DATA SECTION |

=== Section Start ===

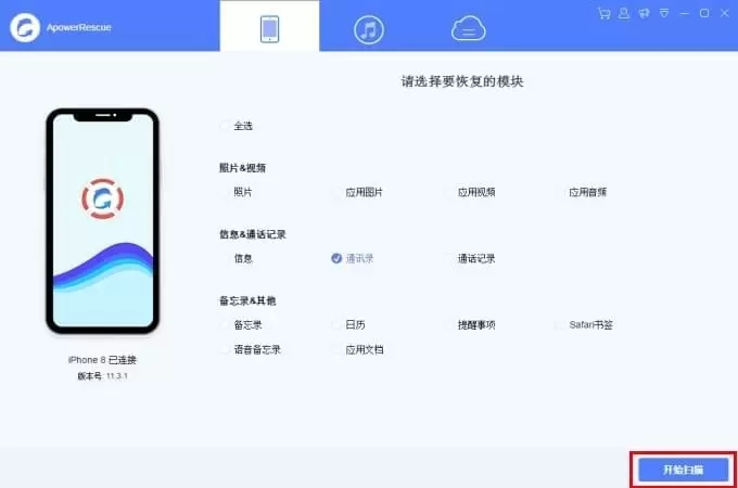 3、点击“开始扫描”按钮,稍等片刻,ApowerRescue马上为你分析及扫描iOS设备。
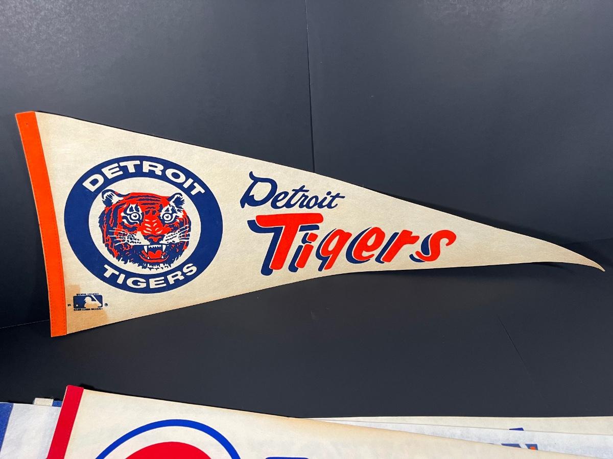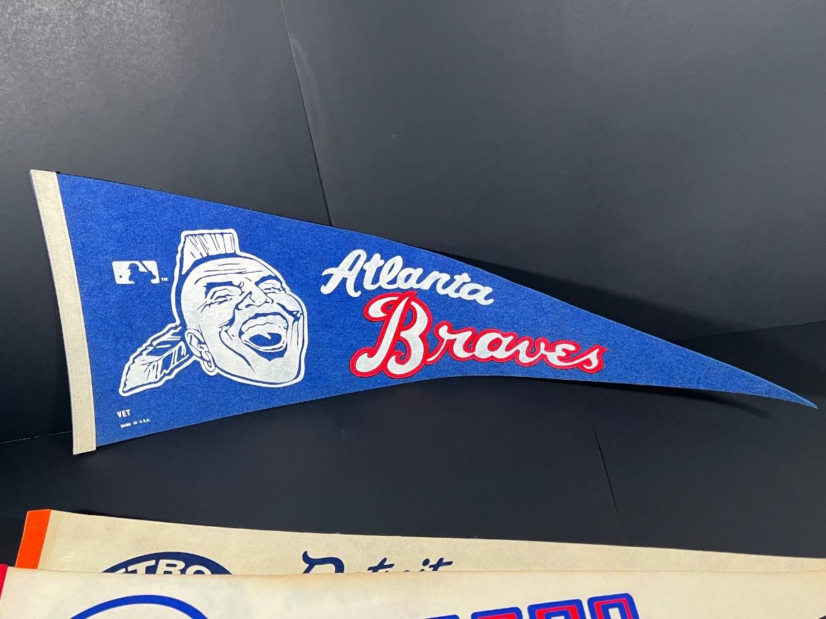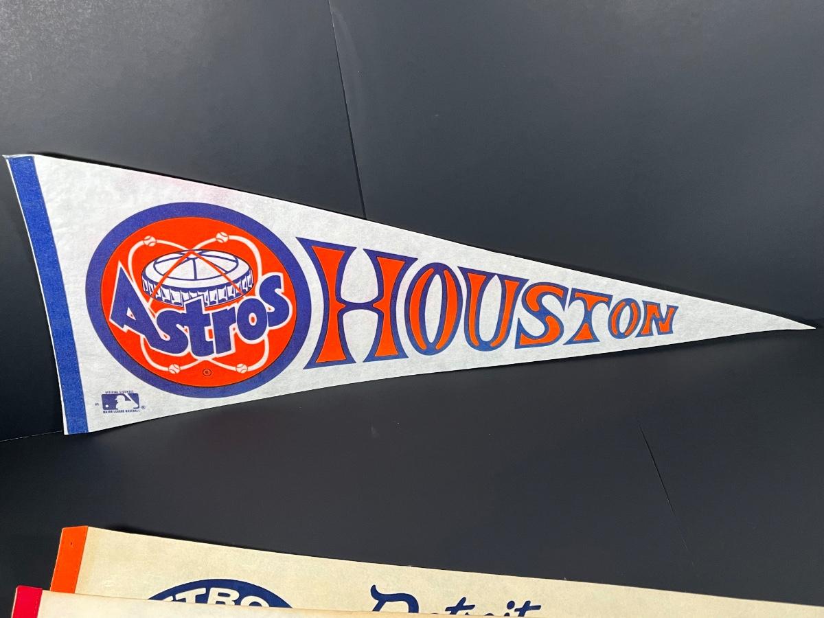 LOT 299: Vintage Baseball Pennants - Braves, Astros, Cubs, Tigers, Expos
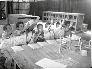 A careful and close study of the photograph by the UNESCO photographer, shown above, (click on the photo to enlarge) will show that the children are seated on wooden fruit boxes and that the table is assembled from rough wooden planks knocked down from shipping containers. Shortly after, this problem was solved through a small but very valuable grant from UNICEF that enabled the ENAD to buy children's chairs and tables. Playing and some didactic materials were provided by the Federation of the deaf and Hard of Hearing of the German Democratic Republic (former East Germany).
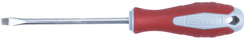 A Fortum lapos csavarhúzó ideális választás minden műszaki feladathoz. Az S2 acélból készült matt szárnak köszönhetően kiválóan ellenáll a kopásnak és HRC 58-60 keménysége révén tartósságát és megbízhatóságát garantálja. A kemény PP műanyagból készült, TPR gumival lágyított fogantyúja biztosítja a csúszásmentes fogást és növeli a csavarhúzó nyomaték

=== Section End ===

WORK TO COMPLETE | Nothing but the lines from the start of the listing through the line with "LOT 299: Vintage" belongs in the answer, each one retyped exactly and without pictures.

ANSWER TO THIS TASK |
 3、点击“开始扫描”按钮,稍等片刻,ApowerRescue马上为你分析及扫描iOS设备。
 LOT 299: Vintage Baseball Pennants - Braves, Astros, Cubs, Tigers, Expos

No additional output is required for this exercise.